Possible features to address the problem:

  • Group Scheduling (group ≥ 2, course groups, extracurriculars, living group): allows students to view schedules for everyone within a group that they can join.
  • Friends: A user can become friends with someone else and then view their schedule or the similarity between their schedule and all their other friends.
  • Schedule Similarities (between courses, not times): View the similarity between your schedule and others’ schedules, whether friends or group members.
  • Ranking Scheduled Items (“likely to take”, “definitely taking”): Add tags to selected courses reflecting likelihood of actually taking them. Flags include (“not likely”, “likely”, “definitely”).
  • Search by Filter: e.g., show only “definitely” taking courses or show “definitely” + “likely” taking courses.
  • MIT Schedule Syncing: To reduce friction from manual input, integrate syncing with Hydrant/CourseRoad so users can directly export their classes to the app.

Ethical Analysis

Identification of stakeholders and the impacts they might experience. (individual)

Stakeholders - Prompt: Non-targeted use

One non-targeted use of the app that could adversely affect stakeholders is that stalkers or other bad actors could use it to know where users are at certain times. Mitigation: Require university email authentication and restrict schedule visibility to confirmed friends only.

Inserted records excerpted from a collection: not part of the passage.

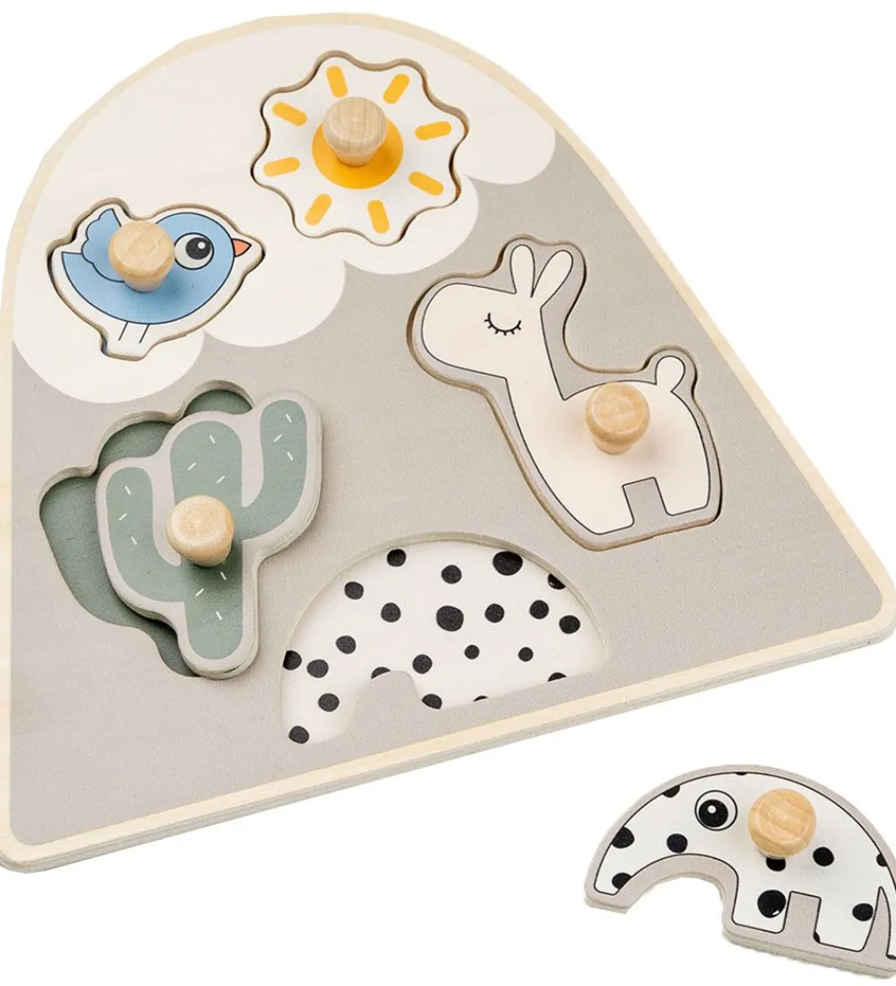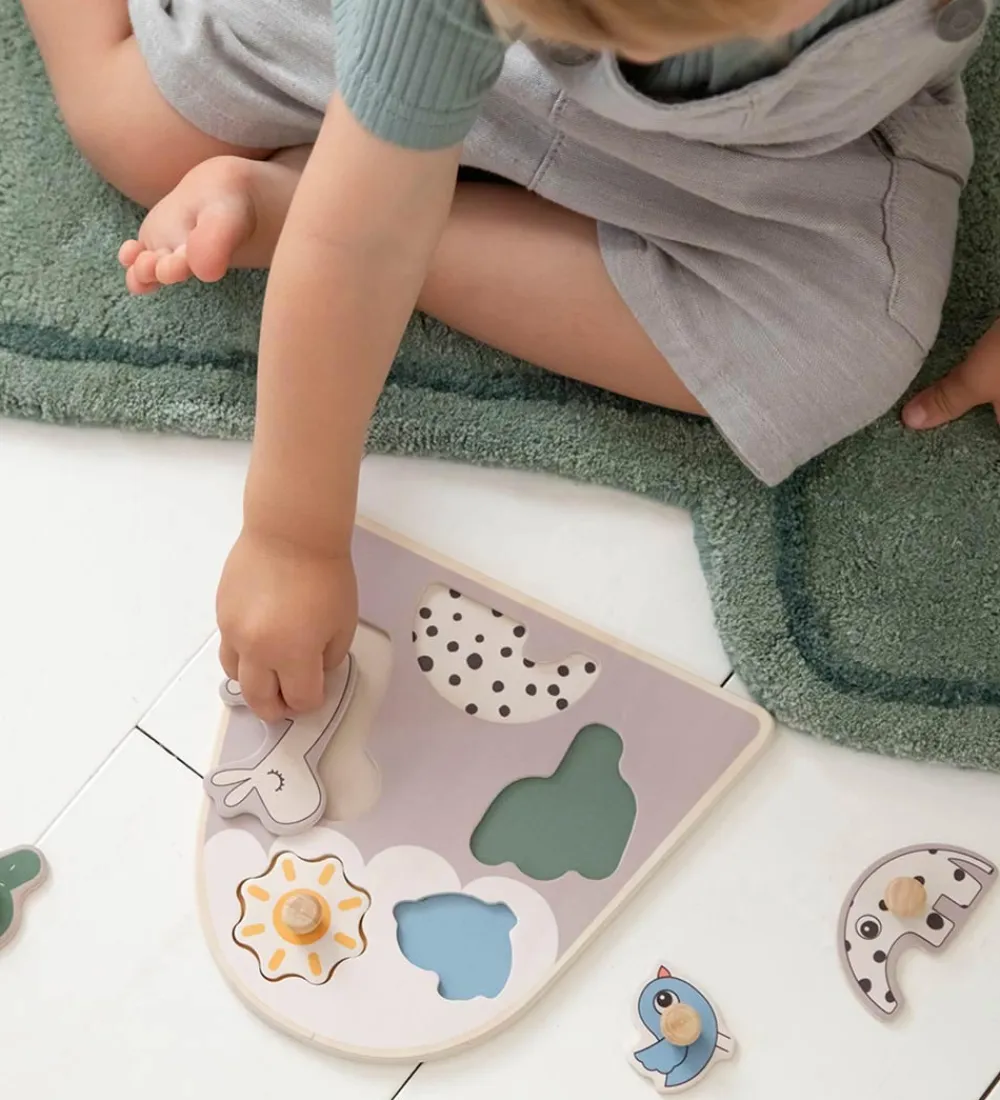 Done by Deer puslespillet er sjovt for de mindste, der skal lære former og logik og er i gang med at udvikle koordinationssansen. Brikkerne har små knopper på, så det er nemt for de små hænder at få fat i brikkerne.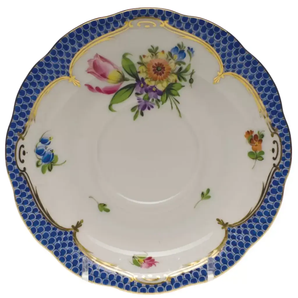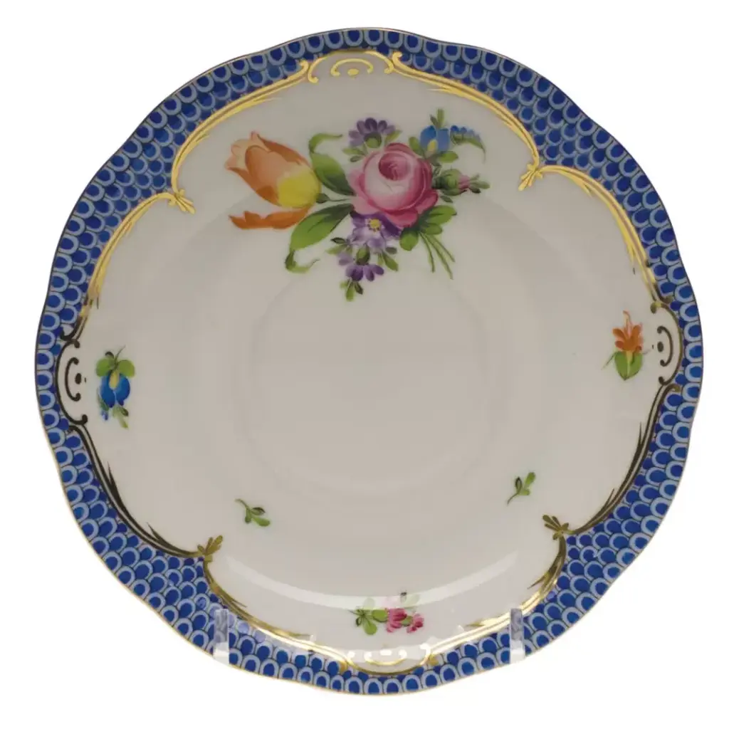 Similar to the Printemps collection but with a blue border, these brilliantly colored spring flowers are painted with uncharacteristically bold brushstrokes in this 1920s-era design. Hand painted in Hungary. Now the biggest porcelain manufactory in Europe, Herend was founded in 1826 to produce earthenware in the small Hungarian village for which it was named. At the time, Hungary was flooded with low-cost pottery, but in 1839, Mor Fischer became the Manufactory’s new owner and he decided to focus on producing dinnerware replacement pieces for Europe’s royal families to complement their valuable porcelain patterns from Germany and the Far East. As his client base grew, Fischer commissioned his artists to begin designing dinnerware patterns of their own. Queen Victoria’s 1851 purchase of a large set for Windsor Castle was a milestone, setting the stage for aristocrats throughout Europe to clamor for Herend in their estates. In the 1850s, Herend added meticulously-crafted figurines to its creations. Herend’s trademark fishnet pattern, which is widely recognized and prized as Herend’s signature design, started in 1858 when an artist who was intrigued with a Chinese plate’s fish scale design painted it onto a rooster figurine to imitate feathers.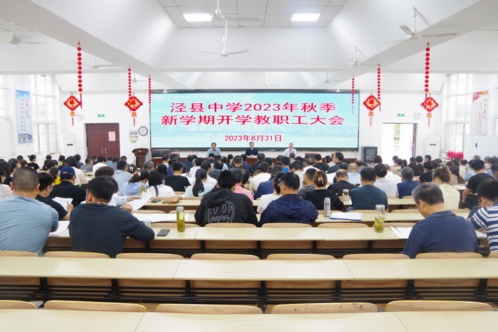 “夏日泾中人倍忙,育桃培李斗志昂”。暑假期间,全体泾中人挥洒汗水,同心协力,在火热的季节干了一番火热的事业,出色完成了各项任务。会上,县人大常委会副主任、校党委书记宋军深情总结回顾了暑期188金宝博唯一官网_wap.sports918.com“干了什么,成效如何”,“三大战役”顺利收官即生源外流阻击战基本完成,“泾中人”奋发图强,砥砺前行;百名教师访千家主动战,“泾中人”不畏辛劳,收获满满;集体备课攻坚战,“泾中人”厉兵秣马,奋力追赶。同时,学校还圆满完成了班主任培训、新高一课程设置和班级配备、校园维修、新生军训等重点工作。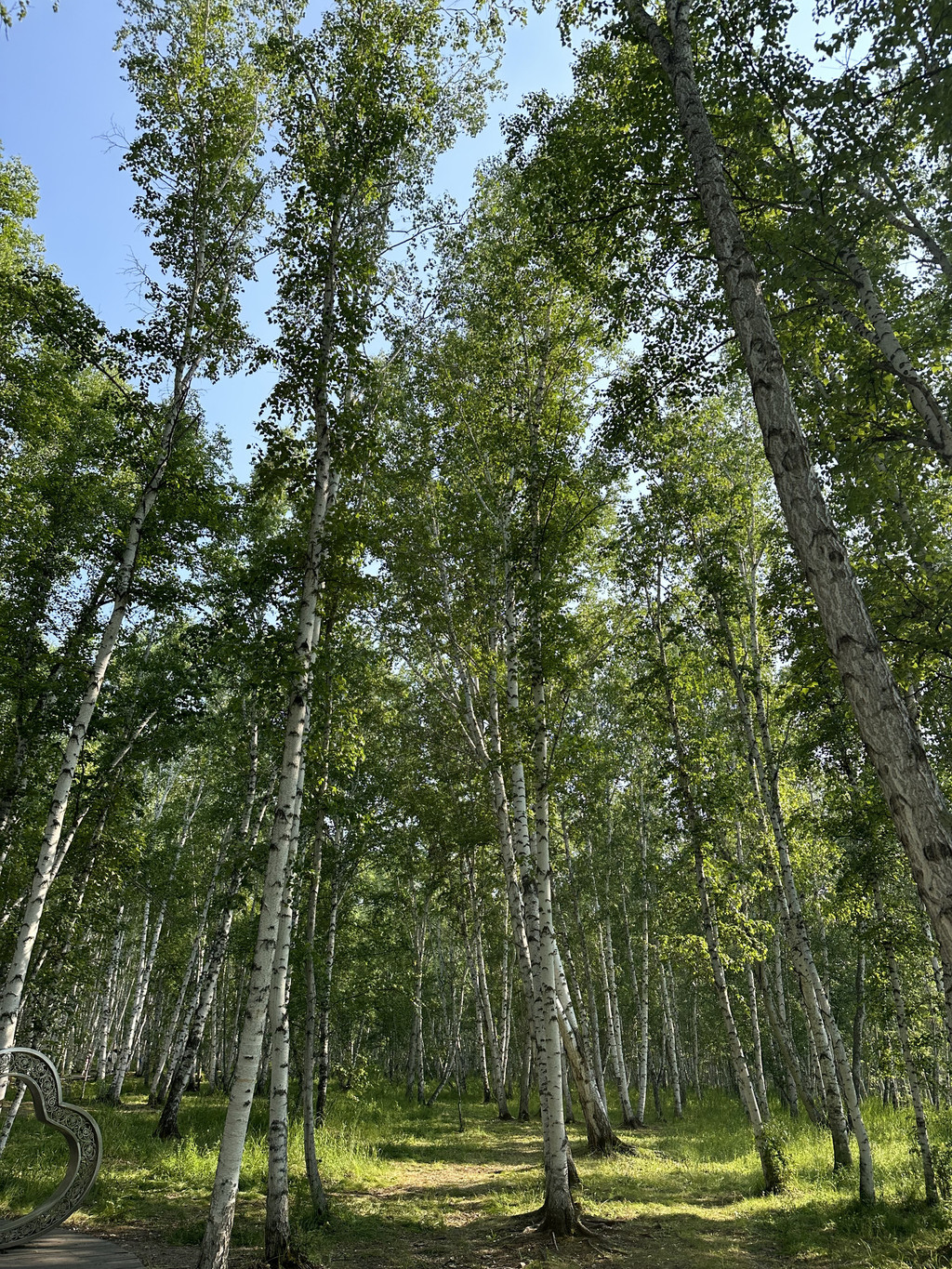 约下午2点在额尔古纳百姓饭店吃了东北菜,对于南方小土豆来说两个大菜就吃的饱饱的。饭后直接到白桦林景区,30多分钟的车程,白桦林景区很大,需要坐景交车到达林区内部,门票1.2M以下免票,但是需要买景交车票,到达指定地点下车,进入林区,成片的白桦林非常壮观,在阳光的照射下斑斑驳驳,白桦林里到处挂着注意蜱虫,说的我们怕怕的,没敢在林区里面多走,一直在木栈道上行走,打卡了秋千、玻璃桥等,适合拍照打卡,很出片,对于小朋友们来说白桦林里面的驯鹿园更有吸引力,驯鹿园里好多只驯鹿,大大小小的,买一筐鹿草可以进一大一小,我们买了两筐喂驯鹿,驯鹿长长的鹿角,看到你手里的篮筐会跑过来追着你,有点点怕的,我们跑得快它追得紧,我们在角落里找到了一只小驯鹿喂,还小心翼翼地摸了鹿角,毛茸茸的,一会儿一筐就被吃完了,我们还在鹿园里发现了花栗鼠,很可爱。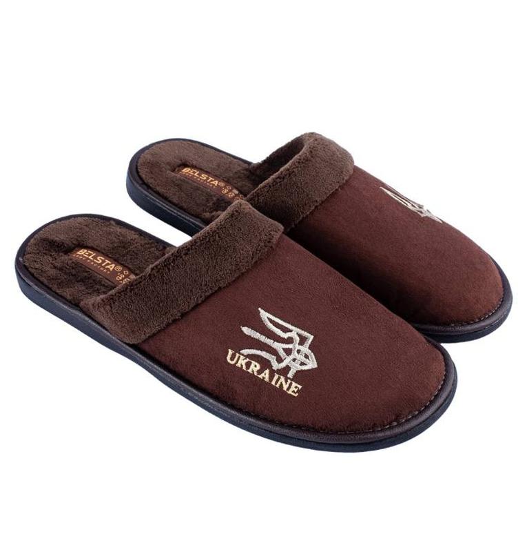 Мужские закрытые тапочки украинской фабрики БЕЛСТА из замша коричневого цвета с махровым отворотом, украшены патриотической вышивкой в виде Тризубца, на стельке из махры. Модель полномерная. Подошва сделана из полиуретана. Закрытые домашние тапочки из замши на махровой стельке — это идеальный выбор для холодных зимних вечеров. Они имеют мягкую махровую стельку, которая обеспечивает дополнительный комфорт и тепло. Верх тапочек выполнен из замши, что придает им элегантный и стильный вид. Замша также обеспечивает дополнительную теплоизоляцию, защищая ваши ноги от холода и влаги. Такие тапочки имеют закрытую конструкцию, что обеспечивает дополнительную защиту и комфорт для ваших ног. Подошва полиуретана обладает высокой износостойкостью, что позволяет ей выдерживать длительный период эксплуатации без значительной потери своих свойств; гибкая и мягкая, что позволяет обуви лучше адаптироваться к форме стопы и обеспечивает более комфортную посадку; удобная, что обеспечивает удобство при ходьбе, не создает дополнительной нагрузки на ступни, что помогает уменьшить усталость ног; обладает хорошей амортизацией, что помогает смягчить удары и снизить воздействие на суставы при ходьбе. Размер и длина по стельке: 41 - 27 см., 42- 27,6 см., 43 - 28,2 см., 44 - 28,8 см., 45 – 29,5 см.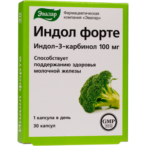 Индол Форте Эвалар состоит из индол-3-карбинола – вещества, содержащегося в растениях семейства крестоцветных, которое с успехом применяется для сохранения здоровья женской репродуктивной системы (молочная железа, эндометрий, миометрий, шейка матки, яичники).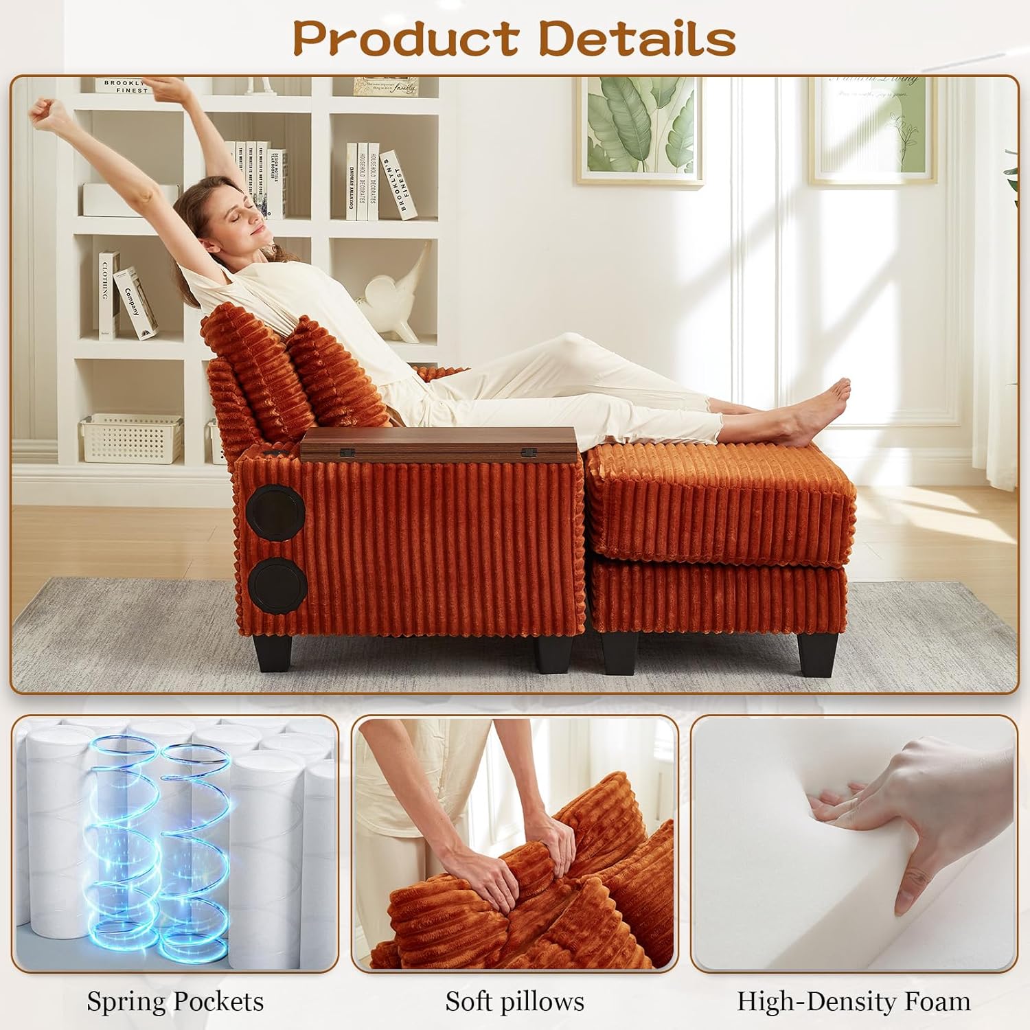 This oversized chaise lounge chair offers extra-wide seating space—perfect for curling up, stretching out, or sharing with pets in your living room, reading nook, or home theater. Product Type: Chaise Lounge Chair Surface Material: Corduroy Fabric Full Assembly Needed: Yes Product Dimensions: Assembled Length (in.):53.25 Assembled Width (in.):42 Assembled Height (in.):32 Suitable Scene: Living Room, Apartment Ultiple Package Reminder: This couch is delivered in multiple boxes and may arrive at different times. If you have any questions about your sofa delivery, feel free to contact us for assistance Please Note: 1.This sofa requires assembly, good things take time, it is more sturdy and durable than chairs that do not require assembly, you can install it according to the steps in our instruction manual, it does not take a long time. 2.Product Care:Dust regularly. Clean gently with a clean, slightly damp cloth. Professional cleaning is recommended. Avoid direct sunlight. Never apply or clean with harsh chemicals. 3.Chromatic Aberration:Manual measurement has been used, there may be some reasonable error. 4.All the pictures are taken by actual samples, slight chromatic aberration may occur due to lighting or display.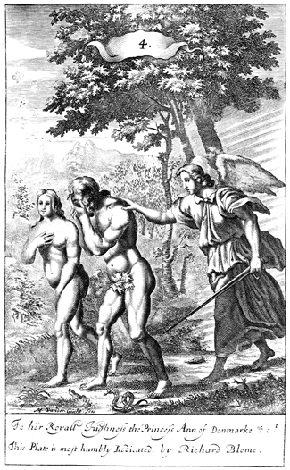 Description: Adam and Eve are expelled from the Garden of Eden. As the numeral at the head of the page indicates, this is plate #4 in a series of illustrations, and the engraver, Michael van der Gucht (1660-1725), is responsible for the work..

Stakeholders — Prompt: Indirect Impacts / Feature: Schedule Visibility + Friends

Observation: Instructors and advisors could use visibility data to identify collaboration opportunities, but could also misinterpret social clustering as performance predictors, affecting advising and grading biases.

Design Response: Limit administrative access by requiring explicit consent for instructors/advisors to view aggregate student networks. Provide only de-identified, aggregated analytics for course planning. However, we will probably not implement this feature.


Time — Prompt: Short/Medium/Long Effects / Feature: Friends & Group Scheduling

Observation: Short-term convenience (coordinating study groups) can lead to long-term social sorting: students may cluster classes with friends, narrowing exposure to diverse peers and reducing serendipitous academic exploration — both valuable for employers and society as diversity fosters innovation.

Design Response: Add “diversity nudges” highlighting courses outside a user’s friend cluster and offer anonymized friend-overlap statistics to encourage broader enrollment choices. However, we will probably not implement this feature.


Values — Prompt: Choose Desired Values / Feature: Schedule Visibility

Observation: A key value for the app must be privacy, ensuring schedules are visible only to intended audiences. Conflicts may arise if a user must share visibility with a group that includes someone they don’t get along with.

Design Response: Add blacklisting capability within schedule visibility settings — allowing users to whitelist entire groups while blacklisting specific individuals.


Pervasiveness — prompt: Broad Adoption

Observation: As adoption expands, students would benefit from easier coordination, increased belonging, and more efficient course discovery. However, widespread use may also create social pressure to align schedules with friends, exclude non-users, and risk institutional misuse of schedule data.

Design Response: Implement “open-to-collaborate” tags for courses to balance broad inclusivity while being able to hide other parts of a schedule. We will probably not implement this feature for this project.